Modificación del genoma del virus del mosaico de la alfalfa (AMV) para su uso en estudios de interacción planta-virus

Abstract

[ES] El virus del mosaico de la alfalfa (AMV) se transmite a través de polen, semillas y pulgones e infecta a cultivos de interés agronómico tales como la alfalfa, el tomate o la patata. Este virus pertenece a la familia Bromoviridae y presenta un genoma consistente en tres moléculas de ácido ribonucleico (ARN) de cadena sencilla y de polaridad positiva. Los ARNs 1 y 2 codifican las subunidades de la replicasa viral (P1 y P2, respectivamente). El ARN 3 codifica la proteína de movimiento (MP) y además sirve como molde para la síntesis de un ARN subgenómico (sgARN 4) del que se traduce la proteína de cubierta (CP). Actualmente se dispone de diferentes tipos de plásmidos que contienen clonado el genoma completo del AMV. De este modo, mediante metodologías como la agroinfiltración o la inoculación mecánica de trascritos de ARN se pueden establecer infecciones virales en diferentes huéspedes. Para poder infectar una planta, las proteínas virales deben interaccionar con diferentes componentes del huésped de modo que subvierten su función en favor del patógeno. Por ello, es importante la identificación de dichos factores. Por otro lado, el uso marcadores fluorescentes permite, entre otros, la obtención de imágenes la de estructuras celulares.

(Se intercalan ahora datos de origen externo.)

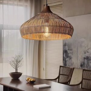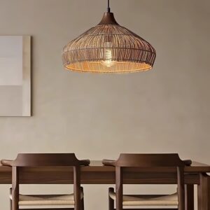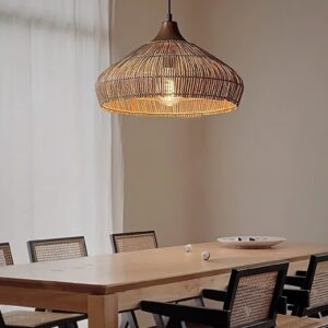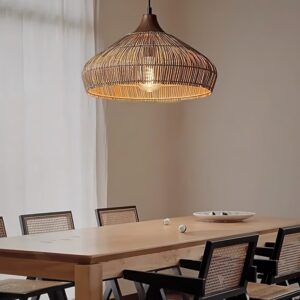 Ideal for hanging above dining tables, kitchen islands or in living rooms, it adds an inviting, earthy touch with its handmade appeal. The open weave allows light to filter through beautifully, creating subtle shadow patterns that enhance the ambiance without overwhelming it.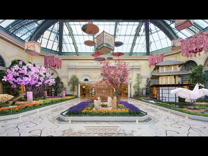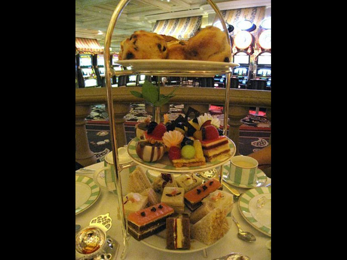 ลาสเวกัส เป็นเมืองที่ตั้งอยู่ใน ทะเลทรายโมฮาวี่ (MOJAVE DESERT) ถึงแม้จะไม่ใช่เมืองหลวงแต่เป็นเมืองที่ใหญ่และนำรายได้เข้าสู่รัฐ ผู้คนจากทั่วโลกเดินทางมาเสี่ยงโชคและหาความสุขหาความสำราญกับแสงเสียง อบายมุข อาหาร การบันเทิง ช็อปปิ้ง ฯลฯ ผู้ที่มาเที่ยวลาสเวกัสบ่อยๆต่างก็มีรีสอร์ทหรือโฮเต็ลโปรดที่ชอบพักเป็นประจำ ส.ท่าเกษม ก็มีเช่นเดียวกัน แต่ไม่ใช่ที่ BELLAGIO เพียงแต่ชอบมาหาความสุขกับเสียงเปียโน ระบำน้ำพุ และสวนสวรรค์ดังที่กล่าวมาแล้วในตอนต้น มาลาสเวกัส ทีไรต้องมา BELLAGIO ทุกครั้งไม่เคยพลาด แต่ที่พลาดคือ HIGH TEA @ PETROSSIAN BAR ไม่เคยทราบมาก่อนเลยว่ามีบริการในด้านนี้ ทั้งๆ ที่มาที่นี่นานหลายปีนับครั้งไม่ถ้วน อยู่ใต้จมูกนี่เอง ! โฮเต็ลนี้เปิดมา ๑๗ ปี เมื่อก่อนคือ DUNES HOTEL AND CASINO ที่ถูกทุบทิ้งแล้วสร้างใหม่ ดำเนินงานโดย MGM RESORTS INTERNATIONAL มี ๓,๙๕๐ ห้อง มีเจ้าหน้าที่พนักงานรวมประมาณ ๘,๐๐๐ คน

En este trabajo se pretende abordar: i) la construcción de un plásmido que contenga el ARN 2 modificado, de modo que, la proteína P2 presente en su extremo Ct, el péptido correspondiente al epítopo de la hemaglutinina (HA) tanto individualmente como por duplicado; y ii) la generación, mediante la duplicación de la región que constituye el promotor de la síntesis del sgARN 4, de plásmidos conteniendo el ARN 3 modificado de modo que permitan la expresión de la MP, la CP y una proteína fluorescente (GFP y RFP del inglés ¿Green Fluorescent Protein¿ y ¿Red Fluorescent Protein¿, respectivamente). Estas herramientas moleculares permitirán: i) abordar estudios de co-inmunoprecipitación (Co-IP) con el fin de identificar factores celulares que interaccionen con la subunidad P2 de la replicasa viral, y ii) la visualización directa y no invasiva del proceso de infección viral.

[EN] Alfalfa mosaic virus (AMV) is transmitted through pollen, seeds and aphids and infects crops of agronomic interest such as alfalfa, tomato or potato. This virus belongs to the Bromoviridae family and presents a genome consisting of three single-stranded ribonucleic acid (RNA) molecules of positive polarity. RNAs 1 and 2 encode the viral replicase subunits (P1 and P2, respectively). RNA 3 encodes the movement protein (MP) and also serves as a template for the synthesis of a subgenomic RNA (sgRNA 4) from which the coat protein (CP) is translated. Most recently, it has been cloned the complete AMV genome into different types of plasmids. Thus, using methodologies such as agroinfiltration or mechanical inoculation of RNA transcripts, viral infections can be established in different hosts. In order to infect a plant, viral proteins must interact with different components of the host in such a way that they subvert their function in favor of the pathogen. Therefore, it is important to identify these factors. On the other hand, the use of fluorescent markers allows, among other things, obtaining images of cell structures. This work intends to address: i) the construction of a plasmid that contains the modified RNA 2, so that, the P2 protein will present at its Ct end, the peptide corresponding to the hemagglutinin (HA) epitope; and ii) the generation, by duplicating the region that constitutes the promoter for the sgRNA 4 synthesis, of plasmids containing a modified RNA 3 so as to allow the expression of the MP, CP and a fluorescent protein (GFP and RFP from English ¿Green Fluorescent Protein¿ and ¿Red Fluorescent Protein¿, respectively). These molecular tools will allow: i) to undertake co-immunoprecipitation (Co-IP) studies in order to identify cellular factors that interact with the P2 subunit of the viral replicase, and ii) direct and non-invasive visualization of the viral infection process.